**DATA UNDER STUDY**
------------------------
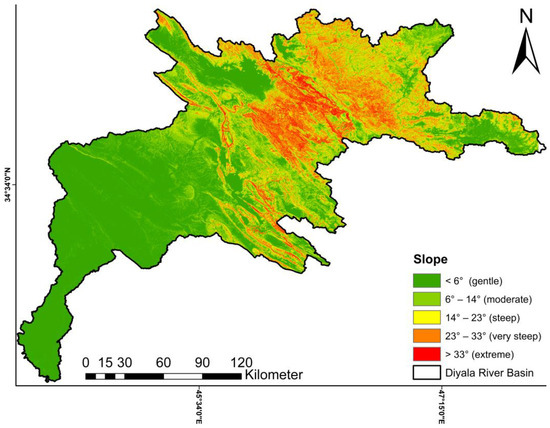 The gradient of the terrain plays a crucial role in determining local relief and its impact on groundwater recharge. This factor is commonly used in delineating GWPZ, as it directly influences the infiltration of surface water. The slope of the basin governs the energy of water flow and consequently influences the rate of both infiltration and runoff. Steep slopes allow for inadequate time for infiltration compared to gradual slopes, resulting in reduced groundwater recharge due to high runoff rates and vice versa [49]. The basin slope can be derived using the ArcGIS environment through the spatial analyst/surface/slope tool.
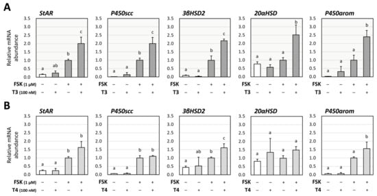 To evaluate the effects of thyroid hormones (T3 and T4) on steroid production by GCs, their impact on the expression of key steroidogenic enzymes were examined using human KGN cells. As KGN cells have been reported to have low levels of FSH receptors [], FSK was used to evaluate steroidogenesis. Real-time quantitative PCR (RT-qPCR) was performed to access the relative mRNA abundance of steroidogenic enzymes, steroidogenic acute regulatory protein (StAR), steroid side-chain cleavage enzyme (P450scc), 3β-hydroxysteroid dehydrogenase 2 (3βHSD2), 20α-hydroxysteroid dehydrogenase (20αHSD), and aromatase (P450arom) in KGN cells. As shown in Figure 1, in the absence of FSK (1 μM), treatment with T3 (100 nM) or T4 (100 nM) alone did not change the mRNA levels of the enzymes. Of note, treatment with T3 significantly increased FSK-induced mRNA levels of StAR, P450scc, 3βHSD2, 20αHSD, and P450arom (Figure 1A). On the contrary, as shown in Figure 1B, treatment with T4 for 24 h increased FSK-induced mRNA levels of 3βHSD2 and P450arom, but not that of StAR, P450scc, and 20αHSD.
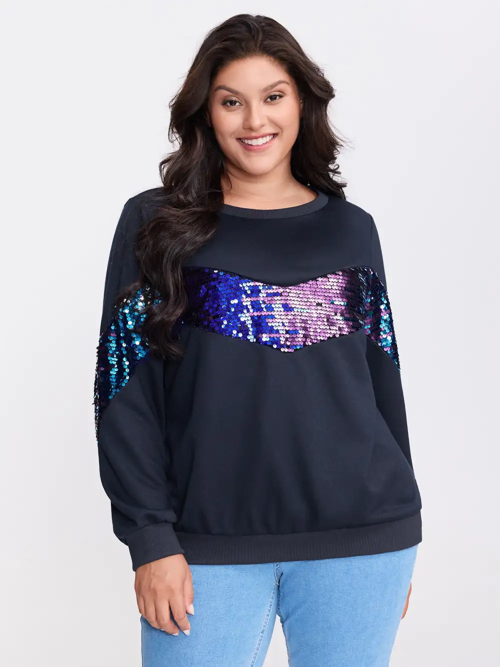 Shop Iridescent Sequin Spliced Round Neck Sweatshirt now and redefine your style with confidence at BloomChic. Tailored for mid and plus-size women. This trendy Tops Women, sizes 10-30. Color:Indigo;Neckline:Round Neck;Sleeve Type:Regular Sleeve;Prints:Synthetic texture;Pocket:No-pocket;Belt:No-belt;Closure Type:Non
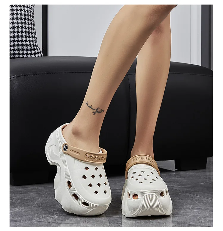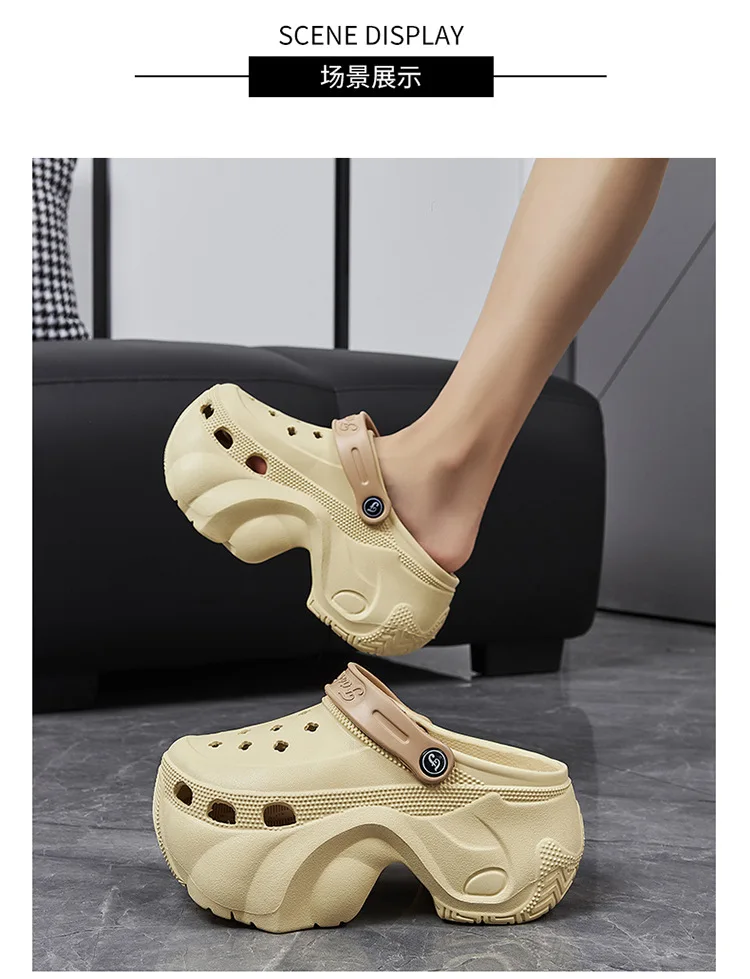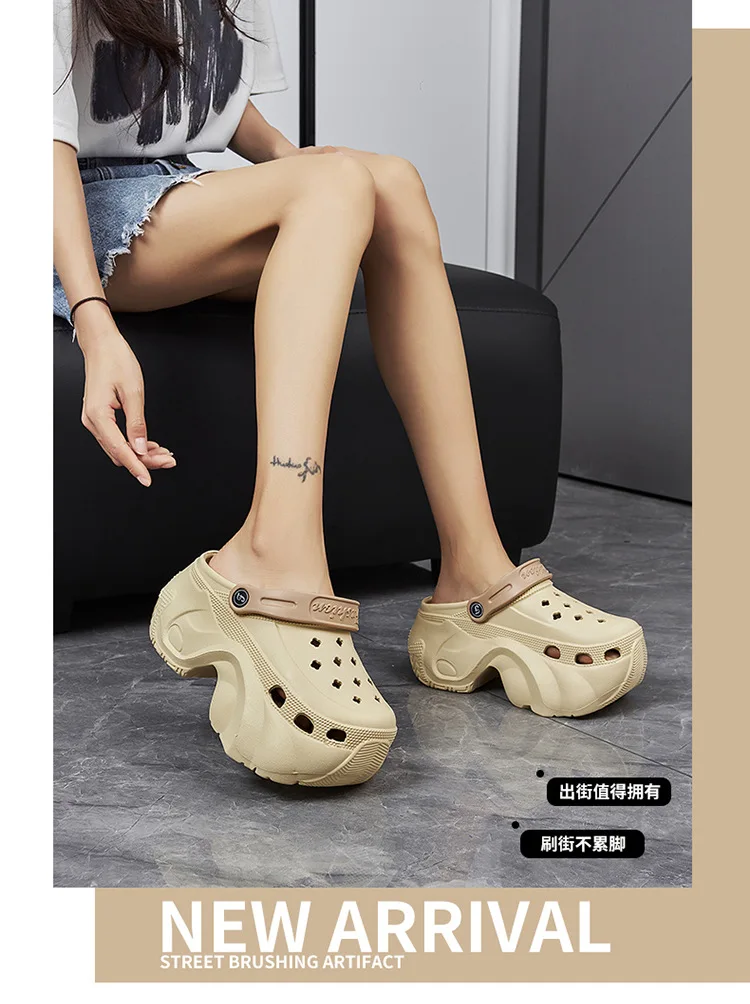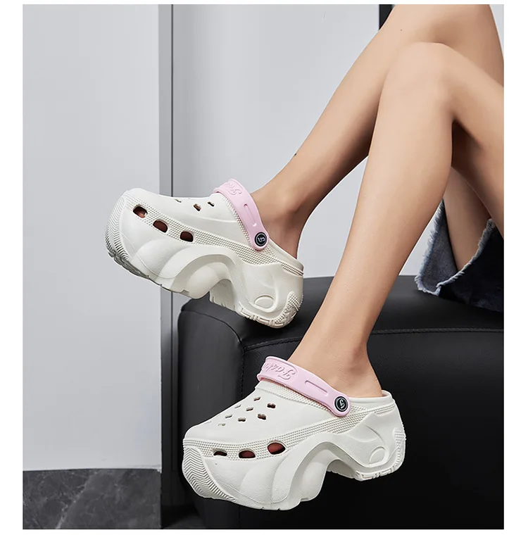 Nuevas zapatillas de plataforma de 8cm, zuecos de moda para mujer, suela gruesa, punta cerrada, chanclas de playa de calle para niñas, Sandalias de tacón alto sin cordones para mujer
------------------------
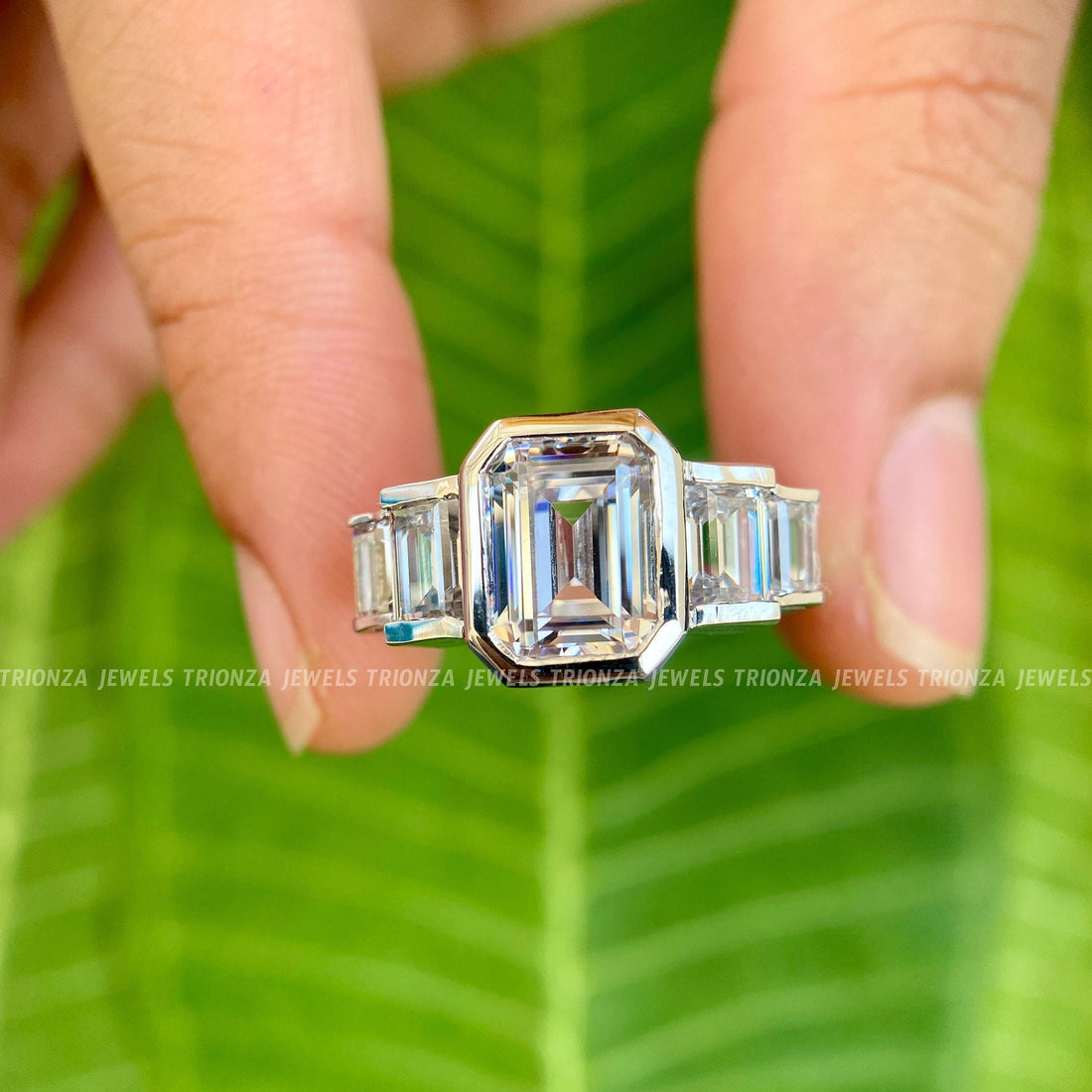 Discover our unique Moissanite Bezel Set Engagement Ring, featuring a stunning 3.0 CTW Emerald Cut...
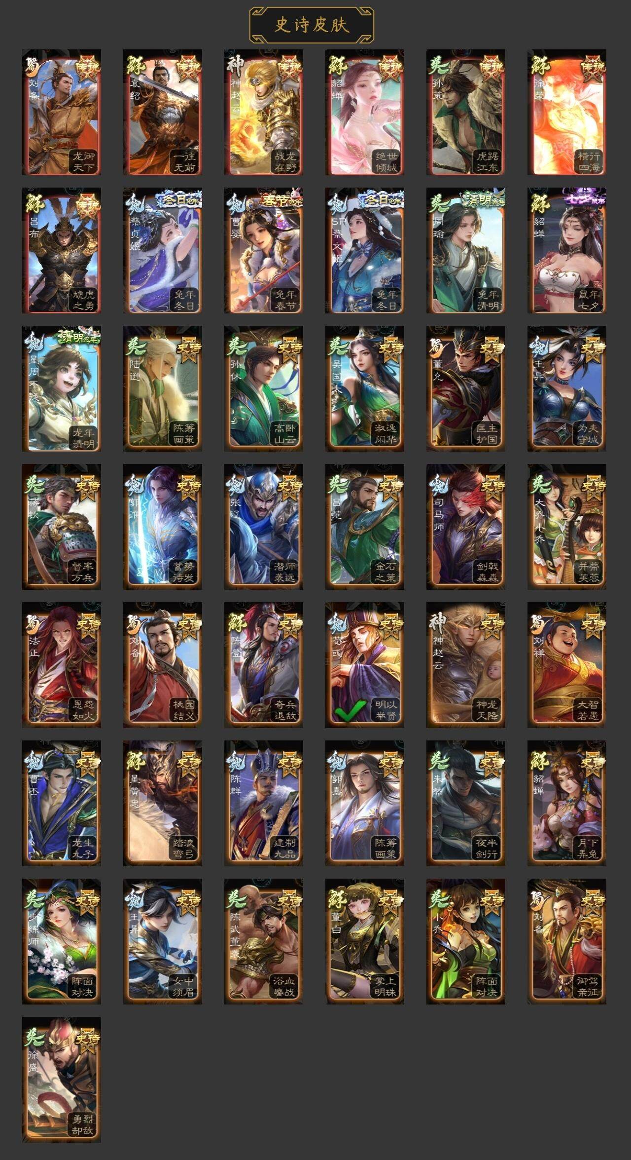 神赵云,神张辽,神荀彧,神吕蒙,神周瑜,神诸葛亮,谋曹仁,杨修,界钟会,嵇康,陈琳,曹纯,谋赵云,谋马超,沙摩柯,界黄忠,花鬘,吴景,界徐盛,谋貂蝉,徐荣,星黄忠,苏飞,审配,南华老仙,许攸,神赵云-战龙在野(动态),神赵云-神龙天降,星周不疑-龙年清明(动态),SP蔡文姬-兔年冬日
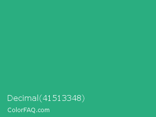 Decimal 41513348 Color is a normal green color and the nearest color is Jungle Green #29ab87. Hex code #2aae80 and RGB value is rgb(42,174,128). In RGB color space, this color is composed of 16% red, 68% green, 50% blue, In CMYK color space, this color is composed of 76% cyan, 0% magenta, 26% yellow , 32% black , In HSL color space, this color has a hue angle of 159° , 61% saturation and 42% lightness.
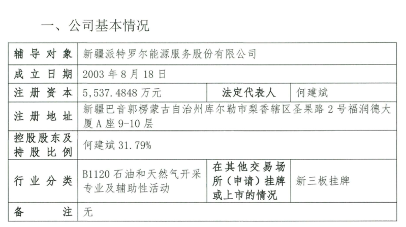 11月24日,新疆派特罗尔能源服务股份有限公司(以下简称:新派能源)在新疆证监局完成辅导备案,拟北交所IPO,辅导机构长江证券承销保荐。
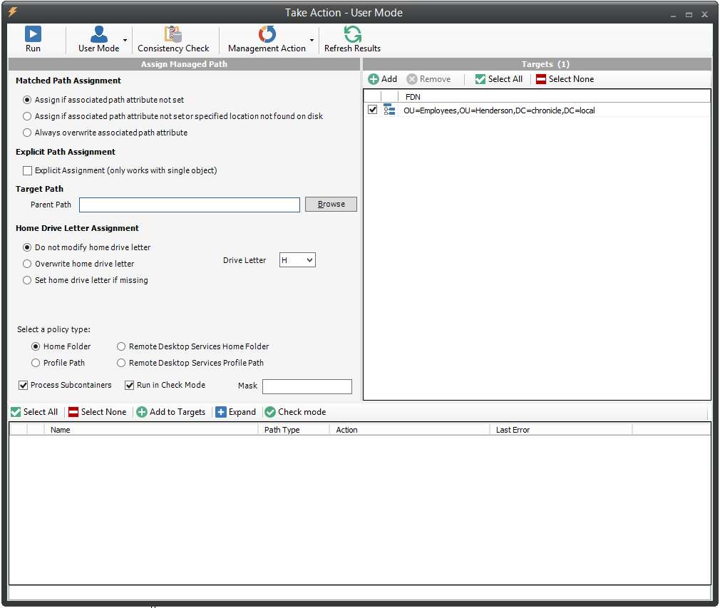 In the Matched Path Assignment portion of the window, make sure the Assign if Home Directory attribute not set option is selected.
------------------------
**WHAT YOU HAVE TO DO**
When you reach the line containing "Shop Iridescent Sequin" in the entries above, begin restating word for word, and stop once the line containing "Nuevas zapatillas de" has been given. Omit the pictures.

**REPLY**
 Shop Iridescent Sequin Spliced Round Neck Sweatshirt now and redefine your style with confidence at BloomChic. Tailored for mid and plus-size women. This trendy Tops Women, sizes 10-30. Color:Indigo;Neckline:Round Neck;Sleeve Type:Regular Sleeve;Prints:Synthetic texture;Pocket:No-pocket;Belt:No-belt;Closure Type:Non
 Nuevas zapatillas de plataforma de 8cm, zuecos de moda para mujer, suela gruesa, punta cerrada, chanclas de playa de calle para niñas, Sandalias de tacón alto sin cordones para mujer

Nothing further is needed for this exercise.